In principle, a fairly specific type of oracle would be enough to make decisions in a trustless environment. Moreover, beneath this lies a vast scientific base dating back to the mid-20th century, when game theory introduced the concept of Schelling points. It goes like this: If we cannot communicate with each other in any way, but we have a common objective, then we must find something common in our knowledge base. 

For example, if we need to meet in New York, most people would think of Central Park, because that point is associated with New York in their memory. Economist Thomas Schelling showed that using such an approach one can make decisions.

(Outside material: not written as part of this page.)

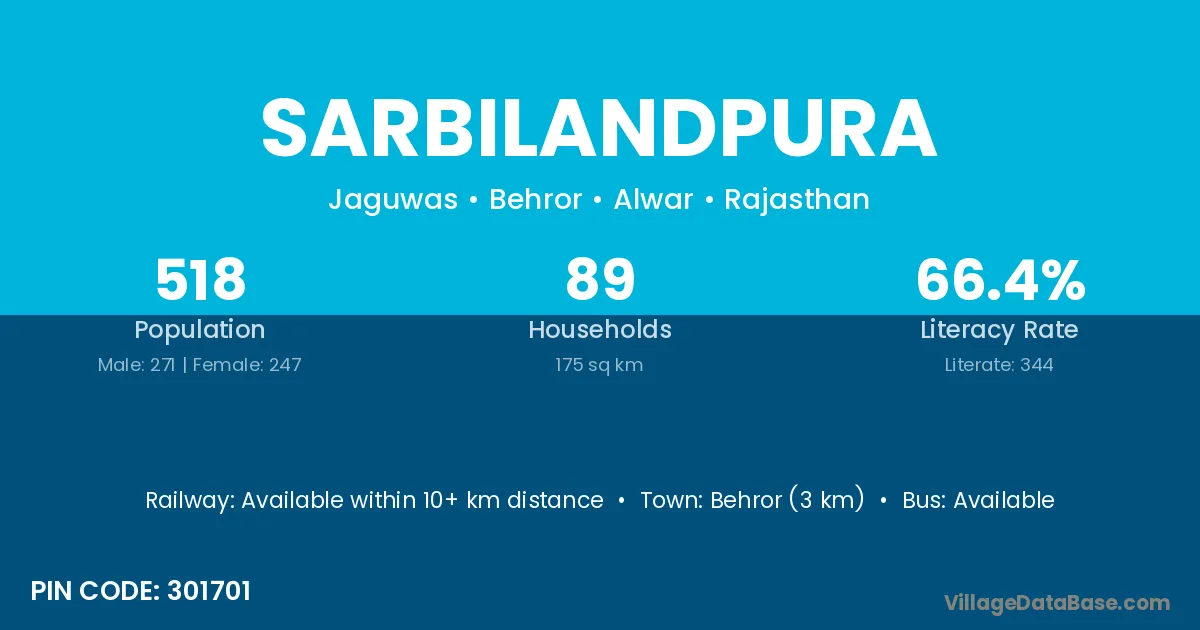 Behror (3 km) is the nearest town to Sarbilandpura village for major economic activities and is located approximately 3 km away.

The project is called Kleros, it is a decentralized court, the outcomes of which you encounter constantly. 

4. The main difference of the metaverse from other gaming projects is the absence of a script. Instead, a wide range of other possibilities opens up, allowing autonomous agents to create dynamic worlds. 

Most of us have seen how ChatGPT works — a chat where you can ask questions and receive answers. It keeps getting more sophisticated. On the basis of ChatGPT, new solutions have emerged that bring closer the realization of the idea of AGI, which could not only perform tasks given by humans but also set its own tasks. 

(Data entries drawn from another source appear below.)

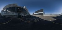 A modern architectural marvel in the heart of Toronto, Canada. The building's design and facade create a symmetrical and striking silhouette against a clear sky. The urban landscape and open spaces surrounding the building add to its appeal.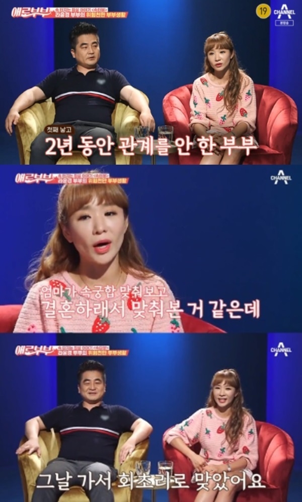 17일 방송된 채널A '애로부부'에서는 라윤경, 김시명 부부가 출연해 "아이를 낳은 뒤 오랜 시간 성관계를 갖고 있지 않다"라며 고민을 토로했다.
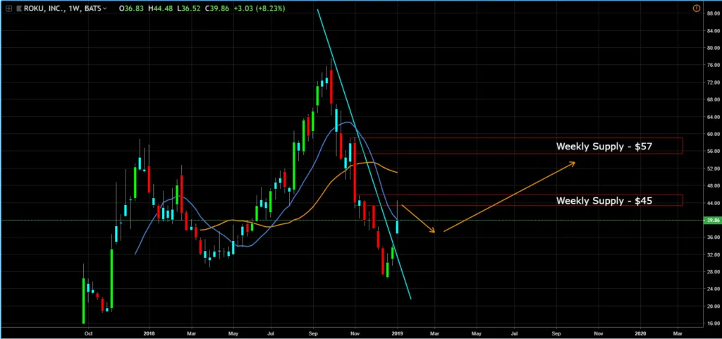 If price can clear the weekly supply at $45(price pull back from that level now), the chart suggest price will move to the next level at $57.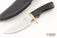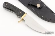 This knife by Kepler Knives features a mirror polished blade with .151" blade stock and 1.444" blade depth, full tang construction. The handle has a brass guard with fluted buffalo horn scales and brass pins. Comes with a black leather sheath. Has a few light scratches, otherwise excellent condition.

In March 2023, a project named Auto-GPT was introduced. It is a product that feeds ChatGPT an abstract task and asks it to solve the question. Then comes the most interesting part. Auto-GPT creates new autonomous agents, each of whom is given some tasks. Like the duplicates in the Strugatsky brothers’ novel ‘Monday Begins at Saturday’. You were handed a big task from above. You break it into many small tasks and for each you create a gnome who can do only one thing, but very well. And then this task assembles backward.

It’s easy to imagine a hypothetical NPC in a computer game with such capabilities and Internet access. The next step is a virtual world populated by such characters, with whom you can interact and who can interact with each other. each other.

5. Virtual technologies will reshape ordinary reality. When metaverses powered by autonomous agents appear, they will transform our lives. 

Already today we have the opportunity for every student to assemble their own personal teacher who will not only deliver knowledge in the format most understandable to the child, but will also shape the program to be as enjoyable, convenient, and gamified as needed. And who will verify all this? The LLM itself can perform this task, but the problem is that only when the child grows up will we understand what they were actually doing and how it affected their development.  

Who else is likely to deploy such in the near future? Politicians. Here we come to another problem. Let us go back a few years and remember how computers were just learning to play Go, which, as was thought, could not be algorithmized — too many possible moves. 

Naturally, artificial intelligence didn’t just beat a human; it did so cleanly. The interesting thing is not so much that it won, but how it did it. During the match, gray-haired men who had spent their lives playing Go watched the computer play and simply didn’t understand what was happening. 

And the biggest problem is that we may not even notice this until it is too late.